The mode selection module is paramount to the computational efficiency of this model. Below we show how we perform this selection operation by providing a trajectory to the ModeSelector module and obtaining only strongly-contributing modes.

Mode selection by power contribution

[1]:
import numpy as np
import matplotlib.pyplot as plt

import few

from few.trajectory.inspiral import EMRIInspiral
from few.trajectory.ode import SchwarzEccFlux
from few.amplitude.ampinterp2d import AmpInterpSchwarzEcc
from few.utils.ylm import GetYlms
from few.utils.modeselector import ModeSelector

# tune few configuration
cfg_set = few.get_config_setter(reset=True)

# Uncomment if you want to force CPU or GPU usage
# Leave commented to let FEW automatically select the best available hardware
#   - To force CPU usage:
# cfg_set.enable_backends("cpu")
#   - To force GPU usage with CUDA 12.x
# cfg_set.enable_backends("cuda12x", "cpu")
#   - To force GPU usage with CUDA 11.x
# cfg_set.enable_backends("cuda11x", "cpu")

cfg_set.set_log_level("info");
[2]:
# first, lets get amplitudes for a trajectory
traj = EMRIInspiral(func=SchwarzEccFlux)

# parameters
m1 = 1e5
m2 = 1e1
a = 0.0 # Schwarzschild
p0 = 10.0
e0 = 0.7
theta = np.pi / 3.0
phi = np.pi / 2.0

t, p, e, x, Phi_phi, Phi_theta, Phi_r = traj(m1, m2, 0.0, p0, e0, 1.0)

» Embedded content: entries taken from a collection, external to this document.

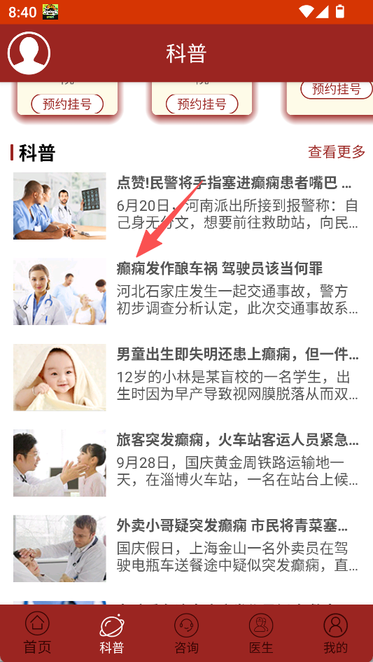 2、进入“科普”,浏览癫痫相关科普内容,选择感兴趣的科普文章进入详情页。
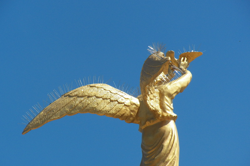Ну гадят голуби — ну и что дальше? Они же не кислотой это делают. Раз в год — или, если угодно, два — подгоняется автовышка с парой рабочих и шлангом воды, памятник моется, и стоит себе дальше красивый. Хотя, объективно говоря, снизу вообще не видно, что там у него, десятиметрового, на голове и плечах…
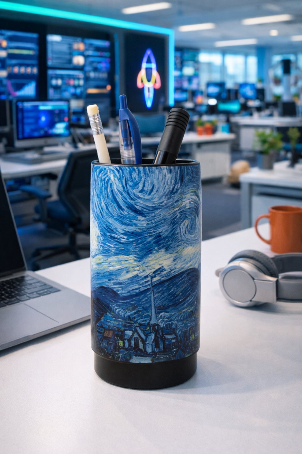 Deze stijlvolle en functionele pennenhouder biedt niet alleen een perfecte plek voor al je pennen, potloden en markers, maar brengt ook dagelijks inspiratie op je werkplek. Een stukje iconische Van Gogh-magie binnen handbereik.
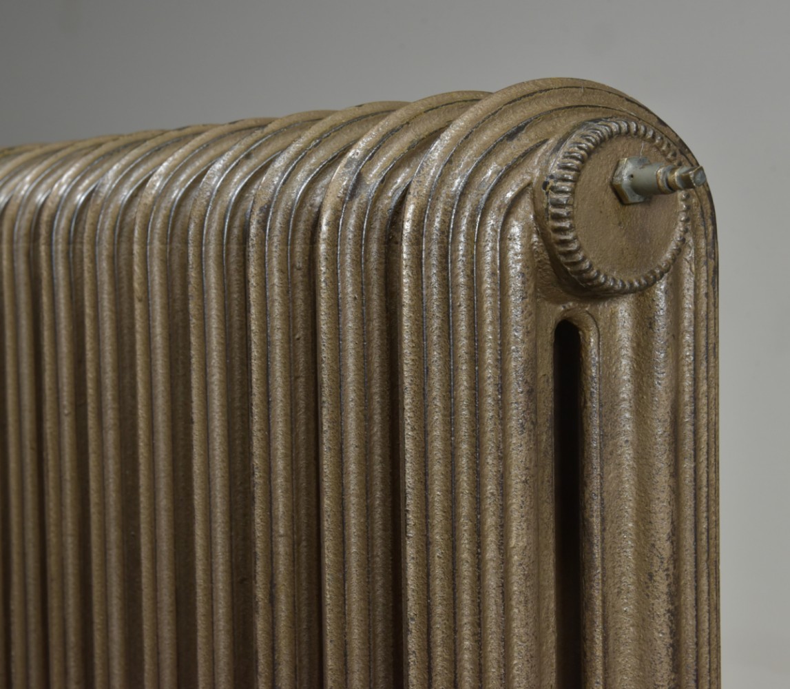 A very rare antique cast iron radiator with fluted round topped double columns and legs. I have only owned or seen one of this type. Burnished to remove any rust but keeping the original paint, waxed and polished. Sold as is ( pressure tested and ready to plumb to a modern heating system). This is unusually heavy for its size (even for a cast iron radiator) Dimensions in inches/cm 32"/81.5cm tall. 38.5"/98cm wide (not including bleeder valve) 7.25"/18.5cm deep. For more / higher res images please see my blog which can be accessed through the news section of this (haes) website
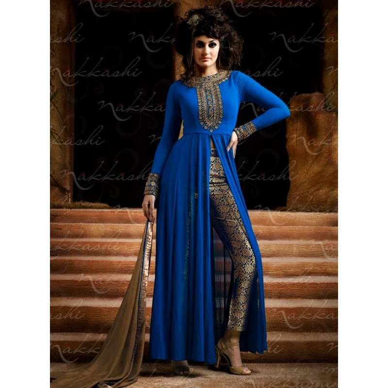 NAKKASHI 3021 ORIGINAL BLUE COLOUR DESIGNER PARTY WEAR SUITNakkashi 3021 colors dresses is a dazzling collection by Nakkashi. Nakkashi Immortal 3021 colors dresses has come with 5 mind blowing colors in single design with gold trousers.
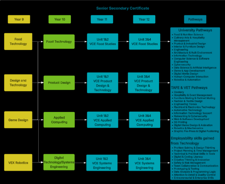 These subjects lay the foundation for future study and careers in fields such as engineering, architecture, trades, IT, software development, hospitality, nutrition, robotics, and product innovation. It’s a clear and simple way to see how choosing Technology subjects in Year 10 can open doors to dynamic, future-focused opportunities in both academic and vocational pathways.
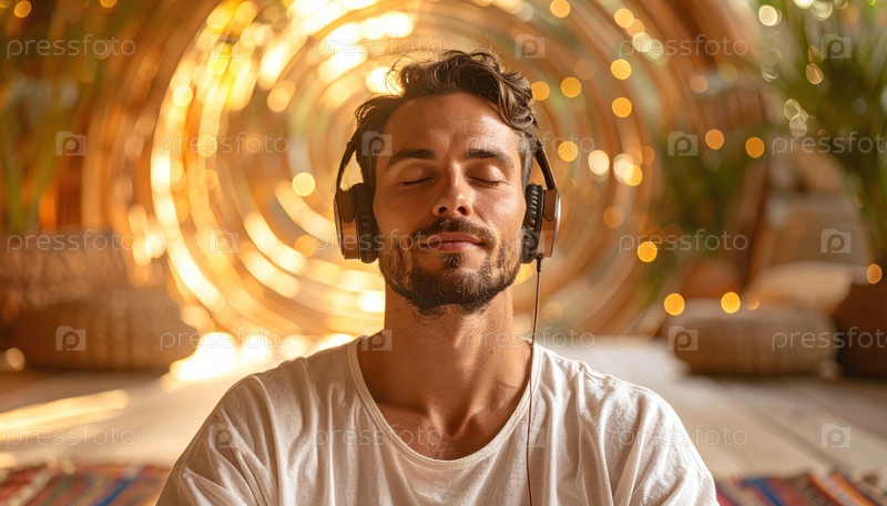 Мужчина наслаждается захватывающим музыкальным опытом с наушниками в среде, символизирующей расслабление, интроспекцию и цифровую гармонию
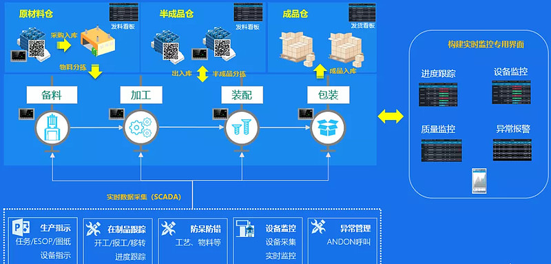 通过加工工艺、加工程序、物料的条码化/RFID管控,实现了加工过程的防呆防错。通过任务看板、ESOP、图纸可视化、设备状态提示,实现生产过程的可视化管理;通过在制品的开工、报工、转移和进度跟踪实现了对生产进度的管控。
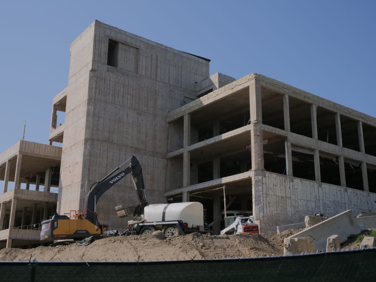 A major challenge in the Student Center project was the asbestos discovered in the old science center. Due to the volume of asbestos in the building and the required work, the site was left empty for a while prior to this summer’s long-awaited demolition.

amp_module = AmpInterpSchwarzEcc()
ylm_gen = GetYlms()

# select modes

mode_selector = ModeSelector(
    amp_module,
    ylm_generator=ylm_gen,  # optional, this is the default choice
    force_backend="cpu"
)

mode_selection_threshold = 1e-2  # target mismatch between reduced and full mode content waveforms

(teuk_modes_r, ylms_r, ls_r, ms_r, ks_r, ns_r) = mode_selector(
    t,
    a,
    p,
    e,
    x,
    theta,
    phi,
    mode_selection_threshold=mode_selection_threshold  # this can also be provided to ModeSelector() on instantiation
)

(teuk_modes, ylms, ls, ms, ks, ns) = mode_selector(
    t,
    a,
    p,
    e,
    x,
    theta,
    phi,
    mode_selection = "all",  # this can also be provided to ModeSelector() on instantiation
)

print(
    "We reduced the mode content from {} modes to {} modes.".format(
        teuk_modes.shape[1], teuk_modes_r.shape[1]
    )
)
We reduced the mode content from 3843 modes to 59 modes.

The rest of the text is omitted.